Keras/TensorFlow MNIST DCGAN: why does generator has almost zero loss from start?

I have constructed a DCGAN (deep convolutional generative adversarial network) inspired by this github repository. It is written in a more low level Tensorflow code that I tried transforming into Keras syntax instead.

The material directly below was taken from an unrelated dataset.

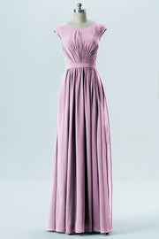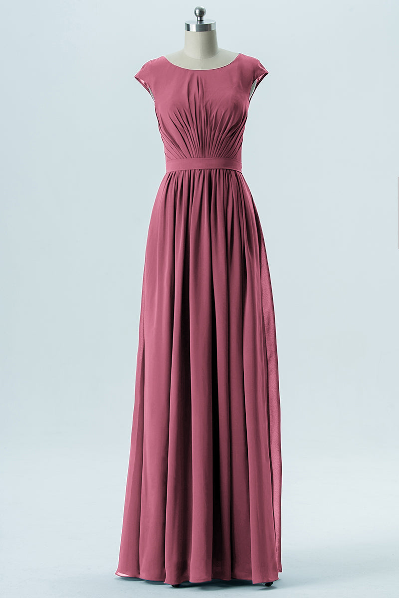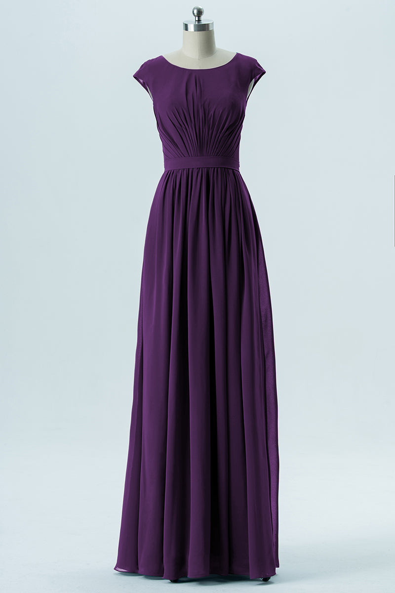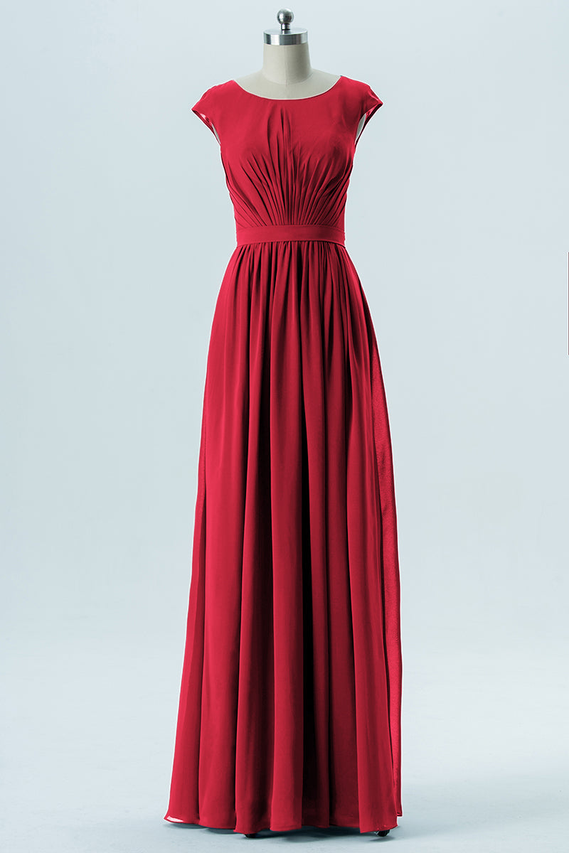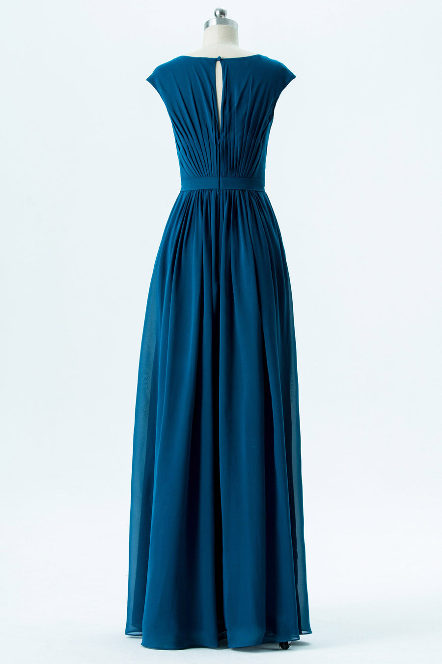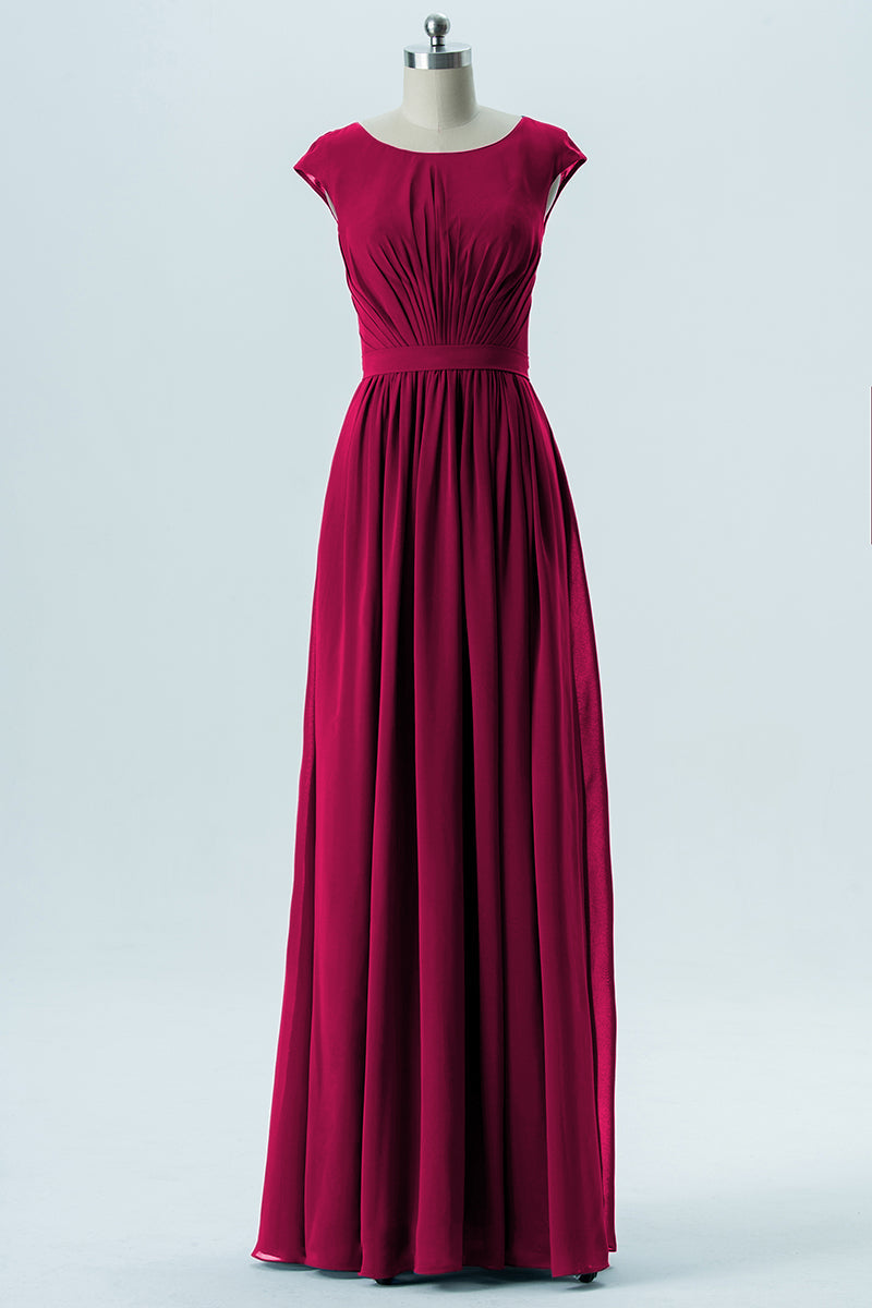 Chiffon Column Scoop Neck Cap Sleeves Bridesmaid Dress-B13652

Now, the network is quite heavy I think (around 4 million parameters), and I get this problem that during training that the generator network beats the discriminator network by a lot. I have not found any similar posts about this problem, since most of the time it is the discriminator that beats the generator (when in fact being fooled), or that we have mode collapse. So I am thinking there might be something wrong in the code (maybe the discriminator network is training when it shouldn't, or the loss function is wrong etc.). I have tried spotting the mistake but failed.
My code follows below:
from keras.models import Sequential
from keras.layers import Dense, Reshape, ReLU, LeakyReLU, BatchNormalization as BN#, tanh, sigmoid
from keras.layers.core import Activation, Flatten
from keras.layers.normalization import BatchNormalization
from keras.layers.convolutional import UpSampling2D, Conv2D, MaxPooling2D, Conv2DTranspose
from keras.optimizers import SGD, Adam
from keras.datasets import mnist
import time
import numpy as np
import math
from utils import load_mnist, load_lines, load_celebA
class dcgan(object):
def __init__(self, config):
"""
Args:
batch_size: The size of batch. Should be specified before training.
y_dim: (optional) Dimension of dim for y. [None]
z_dim: (optional) Dimension of dim for Z. [100]
gf_dim: (optional) Dimension of G filters in first conv layer. [64]
df_dim: (optional) Dimension of D filters in first conv layer. [64]
gfc_dim: (optional) Dimension of G units for for fully connected layer. [1024]
dfc_dim: (optional) Dimension of D units for fully connected layer. [1024]
c_dim: (optional) Dimension of image color. For grayscale input, set to 1. [3]
"""
self.build_model(config)
def build_model(self,config):
self.D = self.discriminator(config)
self.G = self.generator(config)
self.GAN = Sequential()
self.GAN.add(self.G)
self.D.trainable = False
self.GAN.add(self.D)
def discriminator(self,config):
input_shape = (config.x_h,config.x_w,config.x_d)
D = Sequential()
D.add(Conv2D(filters=config.df_dim,strides=2,padding='same',kernel_size=5,input_shape=input_shape))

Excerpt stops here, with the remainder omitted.